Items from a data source

*** Begin section ***

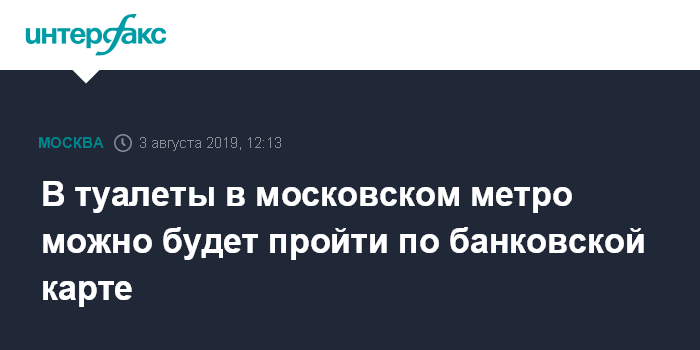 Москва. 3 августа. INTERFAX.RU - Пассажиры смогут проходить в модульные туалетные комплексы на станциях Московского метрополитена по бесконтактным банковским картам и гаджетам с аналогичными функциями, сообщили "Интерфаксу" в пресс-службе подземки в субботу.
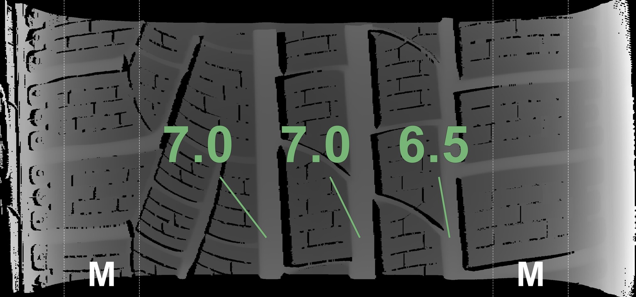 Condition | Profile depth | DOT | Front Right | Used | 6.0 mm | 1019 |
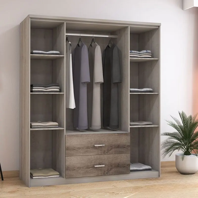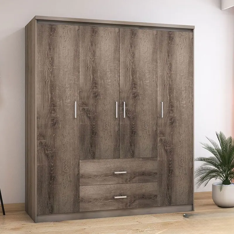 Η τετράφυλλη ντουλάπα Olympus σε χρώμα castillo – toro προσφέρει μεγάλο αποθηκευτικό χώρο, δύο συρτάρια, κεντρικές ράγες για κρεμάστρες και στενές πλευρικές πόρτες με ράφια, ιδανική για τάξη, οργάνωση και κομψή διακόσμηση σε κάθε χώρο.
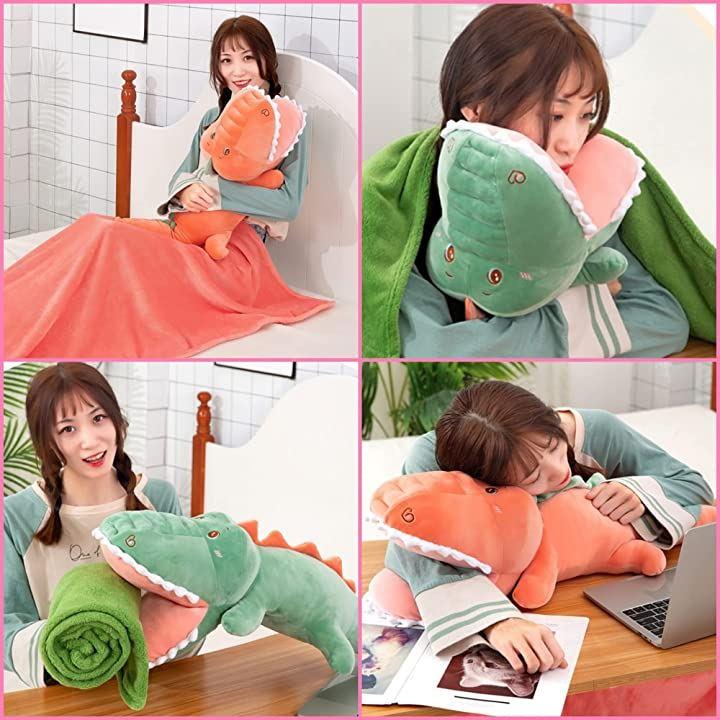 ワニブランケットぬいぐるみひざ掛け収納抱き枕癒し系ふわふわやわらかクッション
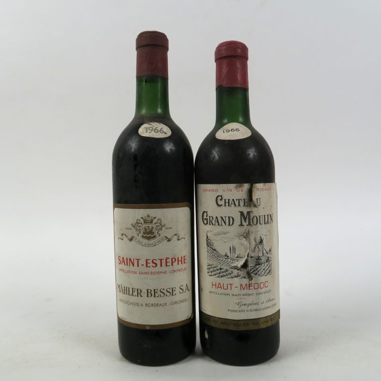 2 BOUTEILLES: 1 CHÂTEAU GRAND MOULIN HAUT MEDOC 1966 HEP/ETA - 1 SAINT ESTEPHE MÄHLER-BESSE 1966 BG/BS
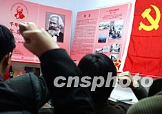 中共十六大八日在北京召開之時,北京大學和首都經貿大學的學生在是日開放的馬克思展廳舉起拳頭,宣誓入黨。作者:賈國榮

*** End section ***

▶ [Task item]:
Repeat the entries faithfully. Any picture gets left out.

▶ [Worked solution]:
 Москва. 3 августа. INTERFAX.RU - Пассажиры смогут проходить в модульные туалетные комплексы на станциях Московского метрополитена по бесконтактным банковским картам и гаджетам с аналогичными функциями, сообщили "Интерфаксу" в пресс-службе подземки в субботу.
 Condition | Profile depth | DOT | Front Right | Used | 6.0 mm | 1019 |
 Η τετράφυλλη ντουλάπα Olympus σε χρώμα castillo – toro προσφέρει μεγάλο αποθηκευτικό χώρο, δύο συρτάρια, κεντρικές ράγες για κρεμάστρες και στενές πλευρικές πόρτες με ράφια, ιδανική για τάξη, οργάνωση και κομψή διακόσμηση σε κάθε χώρο.
 ワニブランケットぬいぐるみひざ掛け収納抱き枕癒し系ふわふわやわらかクッション
 2 BOUTEILLES: 1 CHÂTEAU GRAND MOULIN HAUT MEDOC 1966 HEP/ETA - 1 SAINT ESTEPHE MÄHLER-BESSE 1966 BG/BS
 中共十六大八日在北京召開之時,北京大學和首都經貿大學的學生在是日開放的馬克思展廳舉起拳頭,宣誓入黨。作者:賈國榮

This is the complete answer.